Dynamics of Ca²⁺-saturated calmodulin D129N mutant studied by multiple molecular dynamics simulations

Fifteen independent 1-nsec MD simulations of fully solvated Ca ²⁺ saturated calmodulin (CaM) mutant D129N were performed from different initial conditions to provide a sufficient statistical basis to gauge the significance of observed dynamical properties. In all MD simulations the four Ca²⁺ ions remained in their binding sites, and retained a single water ligand as observed in the crystal structure. The coordination of Ca²⁺ ions in EF-hands I, II, and III was sevenfold. In EF-hand IV, which was perturbed by the mutation of a highly conserved Asp129, an anomalous eightfold Ca²⁺ coordination was observed. The Ca²⁺ binding loop in EF-hand II was observed to dynamically sample conformations related to the Ca²⁺-free form.
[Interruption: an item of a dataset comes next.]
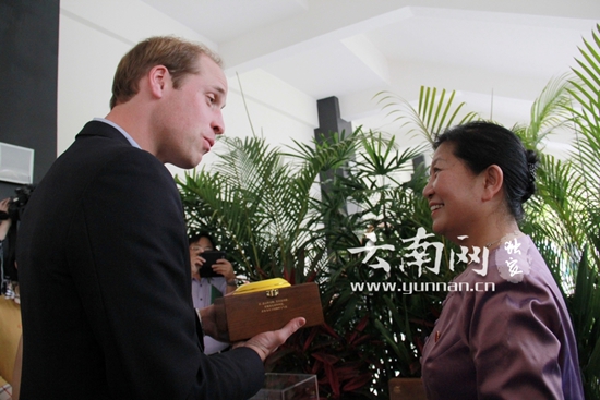 结束演讲后,云南省人大常委会副主任向威廉王子赠送了云南当地的茶叶作为礼物。
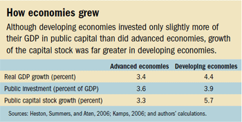 On average, GDP grew by 3.4 percent in advanced economies and 4.4 percent—1 percentage point more—in developing economies from 1960 to 2000 (see table). Despite the higher growth in developing economies, the average public investment rates in advanced and developing economies were similar during this period. In particular, average public investment was 3.6 percent of GDP for advanced economies and 3.9 percent for developing economies. Although the investment rates were similar, the capital stock itself grew almost twice as fast in developing economies as in advanced economies during 1960–2000, because much of the investment in advanced economies replaced worn-out capital stock. This difference in capital stock accumulation helps explain much of the long-term growth differential across countries.

Repeated MD simulations implicate two well-defined conformations of Ca²⁺ binding loop II, whereas similar effect was not observed for loops I, III, and IV. In 8 out of 15 MD simulations Ca²⁺ binding loop II adopted an alternative conformation in which the Thr62 〉C = O group was displaced from the Ca²⁺ coordination by a water molecule, resulting in the Ca²⁺ ion ligated by two water molecules. The alternative conformation of the Ca²⁺ binding loop II appears related to the "closed" state involved in conformational exchange previously detected by NMR in the N-terminal domain fragment of CaM and the C-terminal domain fragment of the mutant E140Q. MD simulations suggest that conformations involved in microsecond exchange exist partially preformed on the nanosecond time scale.